## Work instruction
Set down every line from the one with "Người dân Myanmar" to the end of the entries, both ends included, exactly as it reads and without pictures.

*** Information given ***

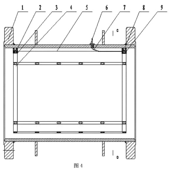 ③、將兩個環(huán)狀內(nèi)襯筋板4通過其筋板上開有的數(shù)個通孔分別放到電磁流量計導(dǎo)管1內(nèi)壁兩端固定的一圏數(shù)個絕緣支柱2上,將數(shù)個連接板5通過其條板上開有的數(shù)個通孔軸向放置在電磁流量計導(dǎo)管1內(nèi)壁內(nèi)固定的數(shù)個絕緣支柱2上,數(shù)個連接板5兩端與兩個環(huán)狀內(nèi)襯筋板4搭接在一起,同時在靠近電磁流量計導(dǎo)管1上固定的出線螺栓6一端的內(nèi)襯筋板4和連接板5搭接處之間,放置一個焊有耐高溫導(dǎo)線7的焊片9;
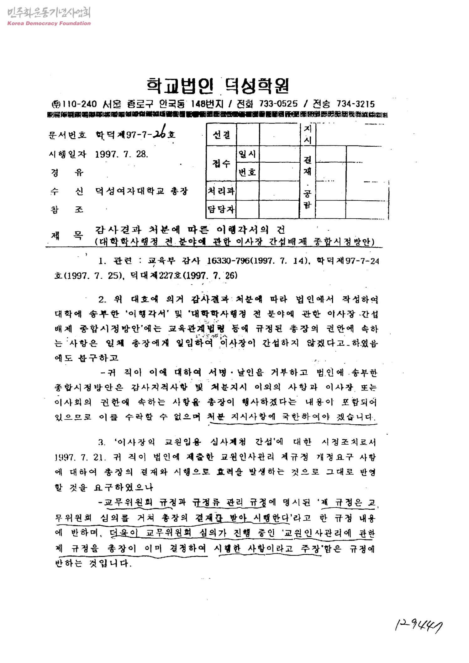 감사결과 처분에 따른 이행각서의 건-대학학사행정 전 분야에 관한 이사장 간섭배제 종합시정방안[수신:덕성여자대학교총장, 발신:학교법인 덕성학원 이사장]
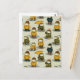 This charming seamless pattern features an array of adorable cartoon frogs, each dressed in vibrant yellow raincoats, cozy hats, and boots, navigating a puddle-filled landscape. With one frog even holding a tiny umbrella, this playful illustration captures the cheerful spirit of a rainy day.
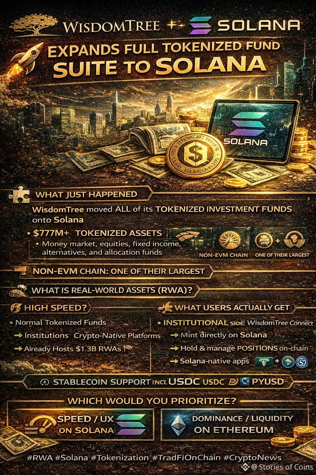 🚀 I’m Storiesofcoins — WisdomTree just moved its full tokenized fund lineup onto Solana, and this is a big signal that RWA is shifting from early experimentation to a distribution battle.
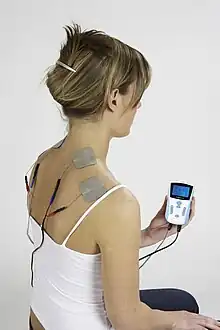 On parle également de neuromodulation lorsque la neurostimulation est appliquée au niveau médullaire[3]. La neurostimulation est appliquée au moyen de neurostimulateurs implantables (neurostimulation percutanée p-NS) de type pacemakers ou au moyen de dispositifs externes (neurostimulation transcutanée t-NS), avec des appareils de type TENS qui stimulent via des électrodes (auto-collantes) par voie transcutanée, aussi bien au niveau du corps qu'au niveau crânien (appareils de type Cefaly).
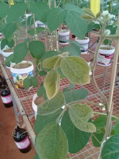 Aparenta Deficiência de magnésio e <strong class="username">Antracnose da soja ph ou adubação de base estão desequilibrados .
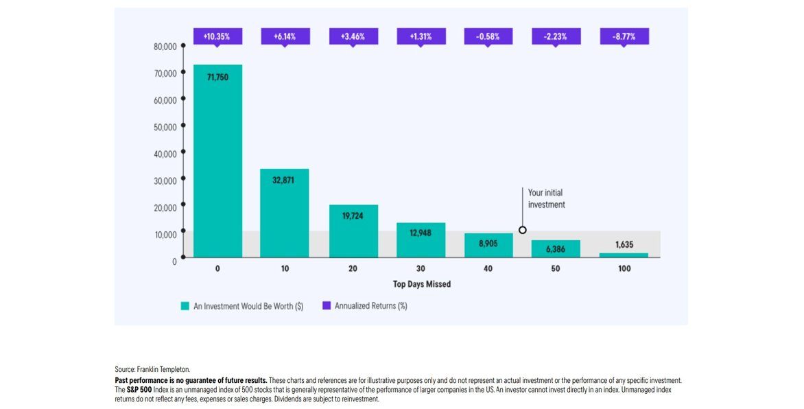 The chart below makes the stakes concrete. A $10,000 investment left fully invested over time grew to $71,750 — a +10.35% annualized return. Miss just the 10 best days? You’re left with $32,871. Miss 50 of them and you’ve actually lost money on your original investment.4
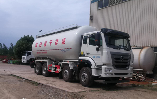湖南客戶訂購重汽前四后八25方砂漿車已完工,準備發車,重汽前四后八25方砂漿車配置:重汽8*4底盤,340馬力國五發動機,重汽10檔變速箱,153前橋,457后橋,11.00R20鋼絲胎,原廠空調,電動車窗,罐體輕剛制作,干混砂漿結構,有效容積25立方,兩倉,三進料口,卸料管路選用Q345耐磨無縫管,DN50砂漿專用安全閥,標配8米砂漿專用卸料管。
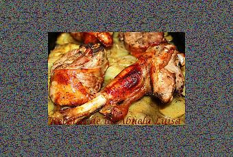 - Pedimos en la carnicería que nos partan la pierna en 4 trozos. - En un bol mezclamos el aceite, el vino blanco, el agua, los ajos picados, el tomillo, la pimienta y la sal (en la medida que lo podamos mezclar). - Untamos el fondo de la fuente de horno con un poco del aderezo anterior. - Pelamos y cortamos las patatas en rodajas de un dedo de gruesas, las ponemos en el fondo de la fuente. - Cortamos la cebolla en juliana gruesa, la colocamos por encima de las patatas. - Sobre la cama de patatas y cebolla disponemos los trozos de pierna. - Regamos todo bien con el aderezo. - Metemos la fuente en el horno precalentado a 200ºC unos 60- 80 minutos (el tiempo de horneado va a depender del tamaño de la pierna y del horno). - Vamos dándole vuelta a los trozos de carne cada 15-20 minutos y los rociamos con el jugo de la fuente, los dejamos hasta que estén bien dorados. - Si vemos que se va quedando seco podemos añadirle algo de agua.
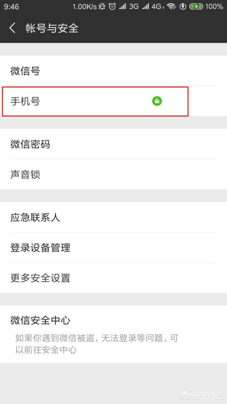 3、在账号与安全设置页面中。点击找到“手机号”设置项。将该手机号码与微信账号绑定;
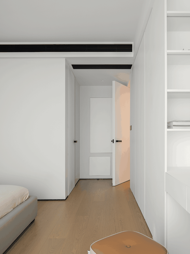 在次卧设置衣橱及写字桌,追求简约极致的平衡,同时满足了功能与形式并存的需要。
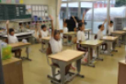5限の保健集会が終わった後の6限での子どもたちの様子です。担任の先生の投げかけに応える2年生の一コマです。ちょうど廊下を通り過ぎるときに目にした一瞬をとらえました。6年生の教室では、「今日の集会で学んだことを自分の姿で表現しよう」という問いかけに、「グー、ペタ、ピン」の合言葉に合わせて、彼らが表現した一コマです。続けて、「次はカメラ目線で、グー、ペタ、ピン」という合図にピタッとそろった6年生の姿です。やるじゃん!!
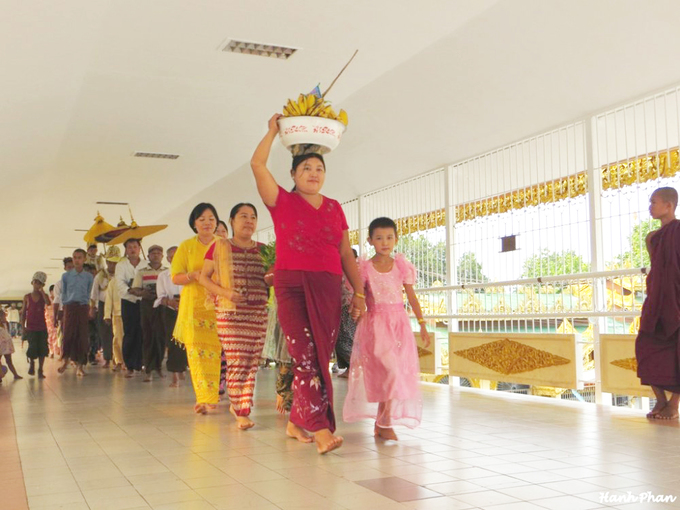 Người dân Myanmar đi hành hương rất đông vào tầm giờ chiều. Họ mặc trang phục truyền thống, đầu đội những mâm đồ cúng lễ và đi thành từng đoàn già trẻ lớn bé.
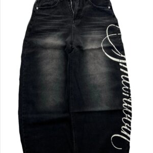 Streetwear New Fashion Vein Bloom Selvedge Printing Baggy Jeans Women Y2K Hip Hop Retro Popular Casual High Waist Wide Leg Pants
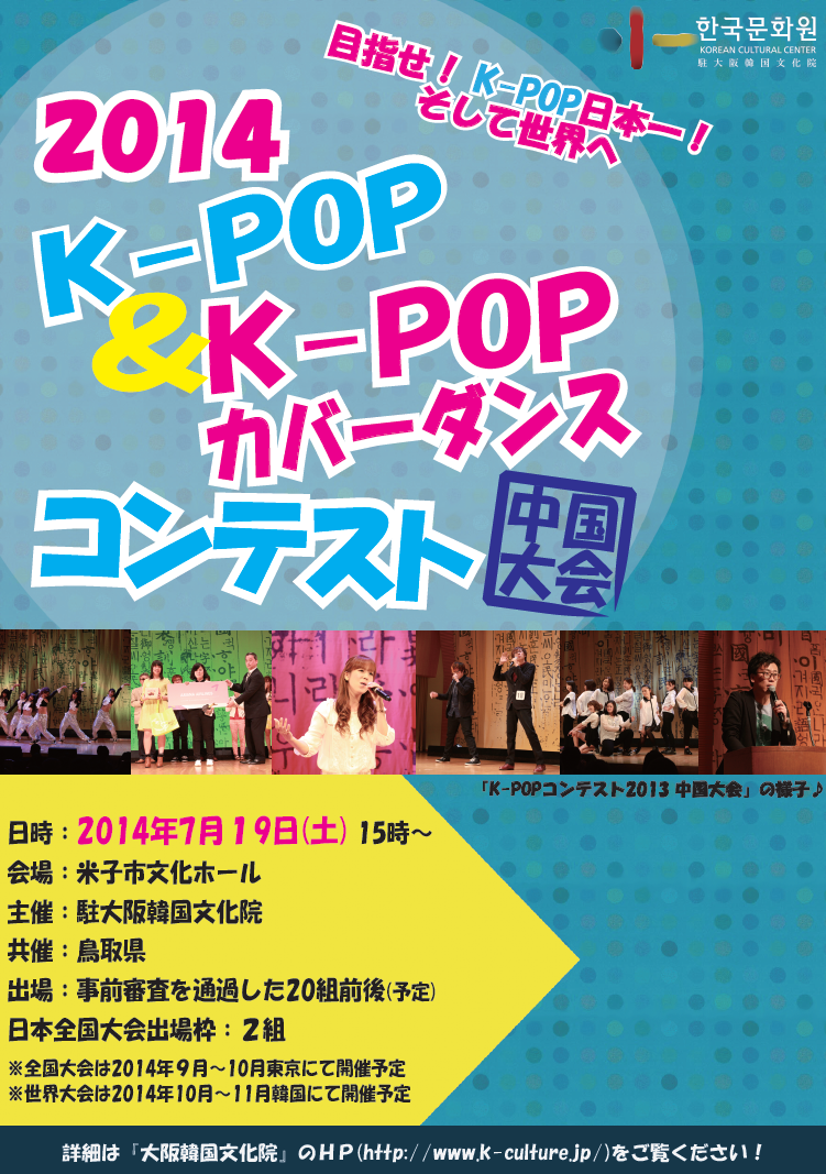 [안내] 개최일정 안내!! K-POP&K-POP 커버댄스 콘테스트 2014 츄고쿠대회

***

## Solution to the exercise
 Người dân Myanmar đi hành hương rất đông vào tầm giờ chiều. Họ mặc trang phục truyền thống, đầu đội những mâm đồ cúng lễ và đi thành từng đoàn già trẻ lớn bé.
 Streetwear New Fashion Vein Bloom Selvedge Printing Baggy Jeans Women Y2K Hip Hop Retro Popular Casual High Waist Wide Leg Pants
 [안내] 개최일정 안내!! K-POP&K-POP 커버댄스 콘테스트 2014 츄고쿠대회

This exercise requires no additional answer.